Reputation: 325
How to find swapped nodes in a binary search tree?
This is an interview Question.
A binary search tree is given and the values of two nodes have been swapped. The question is how to find both the nodes and the swapped values in a single traversal of the tree?
i have tried to solve this using below code but i am not able to stop the recursion so i am getting segmentation fault. help me how to stop recursion.
#include <stdio.h>
#include <stdlib.h>
#include <limits.h>
#include <stdlib.h>
/* A binary tree node has data, pointer to left child
and a pointer to right child */
struct node
{
int data;
struct node* left;
struct node* right;
};
/* Helper function that allocates a new node with the
given data and NULL left and right pointers. */
struct node* newNode(int data)
{
struct node* node = (struct node*)
malloc(sizeof(struct node));
node->data = data;
node->left = NULL;
node->right = NULL;
return(node);
}
void modifiedInorder(struct node *root, struct node **nextNode)
{
static int nextdata=INT_MAX;
if(root)
{
modifiedInorder(root->right, nextNode);
if(root->data > nextdata)
return;
*nextNode = root;
nextdata = root->data;
modifiedInorder(root->left, nextNode);
}
}
void inorder(struct node *root, struct node *copyroot, struct node **prevNode)
{
static int prevdata = INT_MIN;
if(root)
{
inorder(root->left, copyroot, prevNode);
if(root->data < prevdata)
{
struct node *nextNode = NULL;
modifiedInorder(copyroot, &nextNode);
int data = nextNode->data;
nextNode->data = (*prevNode)->data;
(*prevNode)->data = data;
return;
}
*prevNode = root;
prevdata = root->data;
inorder(root->right, copyroot, prevNode);
}
}
/* Given a binary tree, print its nodes in inorder*/
void printInorder(struct node* node)
{
if (node == NULL)
return;
/* first recur on left child */
printInorder(node->left);
/* then print the data of node */
printf("%d ", node->data);
/* now recur on right child */
printInorder(node->right);
}
int main()
{
/* 4
/ \
2 3
/ \
1 5
*/
struct node *root = newNode(1); // newNode will return a node.
root->left = newNode(2);
root->right = newNode(3);
root->left->left = newNode(4);
root->left->right = newNode(5);
printf("Inorder Traversal of the original tree\n ");
printInorder(root);
struct node *prevNode=NULL;
inorder(root, root, &prevNode);
printf("\nInorder Traversal of the fixed tree \n");
printInorder(root);
return 0;
}
Upvotes: 3
Views: 4718
Answers (5)
Reputation: 11
We can solve this in O(n) time and with a single traversal of the given BST. Since inorder traversal of BST is always a sorted array, the problem can be reduced to a problem where two elements of a sorted array are swapped. There are two cases that we need to handle:
6
/ \
10 2
/ \ / \
1 3 7 12
1. The swapped nodes are not adjacent in the inorder traversal of the BST.
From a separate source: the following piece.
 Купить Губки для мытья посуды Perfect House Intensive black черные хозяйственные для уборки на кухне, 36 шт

For example, Nodes 10 and 2 are swapped in {1 10 3 6 7 2 12}. The inorder traversal of the given tree is 1 10 3 6 7 2 12
If we observe carefully, during inorder traversal, we find node 3 is smaller than the previous visited node 10. Here save the context of node 10 (previous node). Again, we find that node 2 is smaller than the previous node 7. This time, we save the context of node 2 ( current node ). Finally swap the two node’s values.
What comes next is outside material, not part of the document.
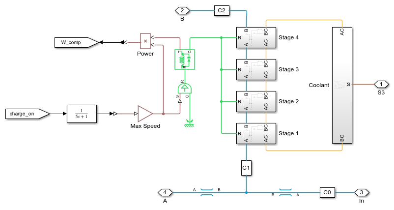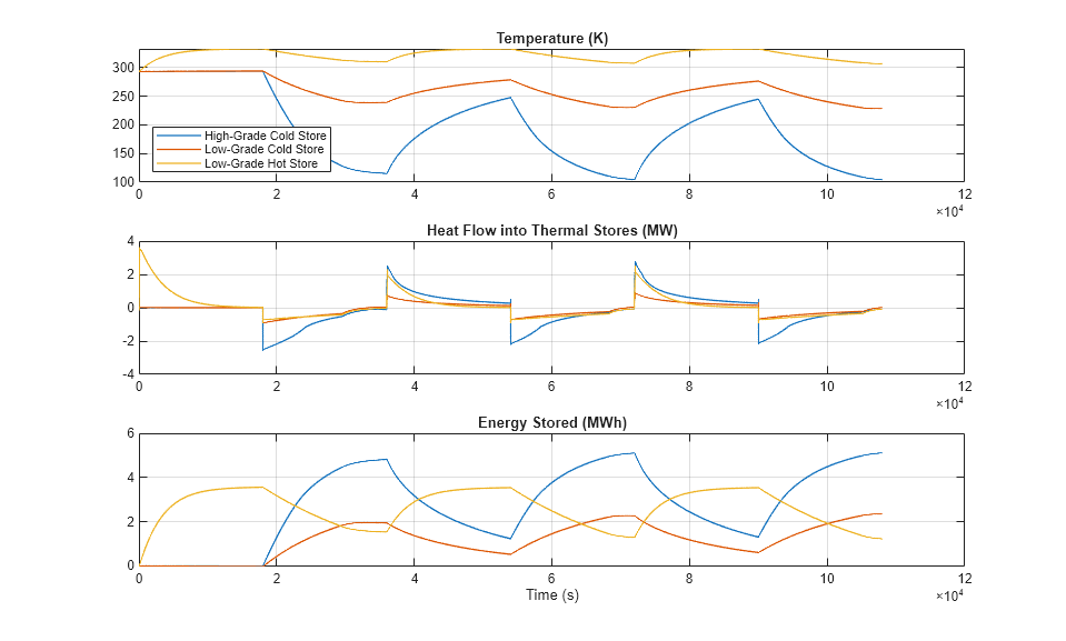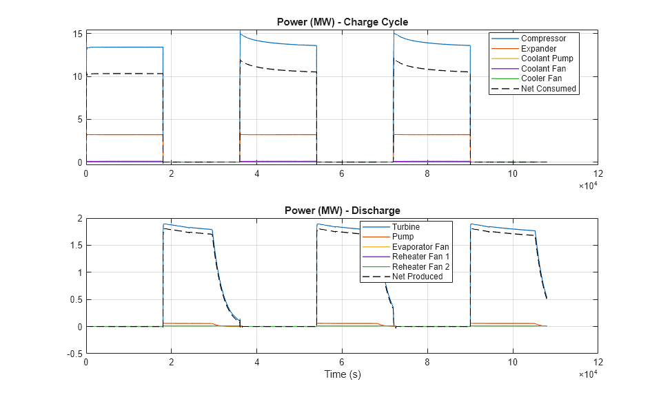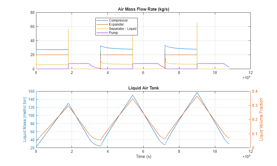 The bottom subplot shows the mass of liquid air in the tank. Starting from the second charge cycle, about 150 metric ton of liquid air is produced and stored in the tank. As seen in the scope, this corresponds to about 15 MWh of energy storage.

2. The swapped nodes are adjacent in the inorder traversal of BST.
6
/ \
10 8
/ \ / \
1 3 7 12
For example, Nodes 10 and 2 are swapped in {1 10 3 6 7 8 12}. The inorder traversal of the given tree is 1 10 3 6 7 8 12 Unlike case #1, here only one point exists where a node value is smaller than previous node value. e.g. node 10 is smaller than node 36.
/**
* Definition for a binary tree node.
* struct TreeNode {
* int val;
* TreeNode *left;
* TreeNode *right;
* TreeNode(int x) : val(x), left(NULL), right(NULL) {}
* };
*/
class Solution {
public:
void recoverTreeUtil(TreeNode *root, TreeNode **first, TreeNode **middle, TreeNode **last, TreeNode **prev) {
if (root) {
recoverTreeUtil(root->left, first, middle, last, prev);
if (*prev && (*prev)->val > root->val) {
if (!(*first)) {
*first = *prev;
*middle = root;
} else *last = root;
}
*prev = root;
recoverTreeUtil(root->right, first, middle, last, prev);
}
}
void recoverTree(TreeNode* root) {
TreeNode *first, *middle, *last, *prev;
first = middle = last = prev = nullptr;
recoverTreeUtil(root, &first, &middle, &last, &prev);
if (first && last) swap(first->val, last->val);
else if (first && middle) swap(first->val, middle->val);
}
};
Upvotes: 1
Reputation: 812
My C++ Solution:
struct node *correctBST( struct node* root )
{
//add code here.
if(!root)return root;
struct node* r = root;
stack<struct node*>st;
// cout<<"1"<<endl;
struct node* first = NULL;
struct node* middle = NULL;
struct node* last = NULL;
struct node* prev = NULL;
while(root || !st.empty()){
while(root){
st.push(root);
root = root->left;
}
root = st.top();
st.pop();
if(prev && prev->data > root->data){
if(!first){
first = prev;
middle = root;
}
else{
last = root;
}
}
prev = root;
root = root->right;
}
if(first && last){
swap(first->data,last->data);
}
else{
swap(first->data,middle->data);
}
return r;
}
Upvotes: -1
Reputation:
I found another solution to this questions on Geeksforgeeks.com ..............guys u can look into this thread for more explanation of below code http://www.geeksforgeeks.org/archives/23616
// Two nodes in the BST's swapped, correct the BST.
#include <stdio.h>
#include <stdlib.h>
/* A binary tree node has data, pointer to left child
and a pointer to right child */
struct node
{
int data;
struct node *left, *right;
};
// A utility function to swap two integers
void swap( int* a, int* b )
{
int t = *a;
*a = *b;
*b = t;
}
/* Helper function that allocates a new node with the
given data and NULL left and right pointers. */
struct node* newNode(int data)
{
struct node* node = (struct node *)malloc(sizeof(struct node));
node->data = data;
node->left = NULL;
node->right = NULL;
return(node);
}
// This function does inorder traversal to find out the two swapped nodes.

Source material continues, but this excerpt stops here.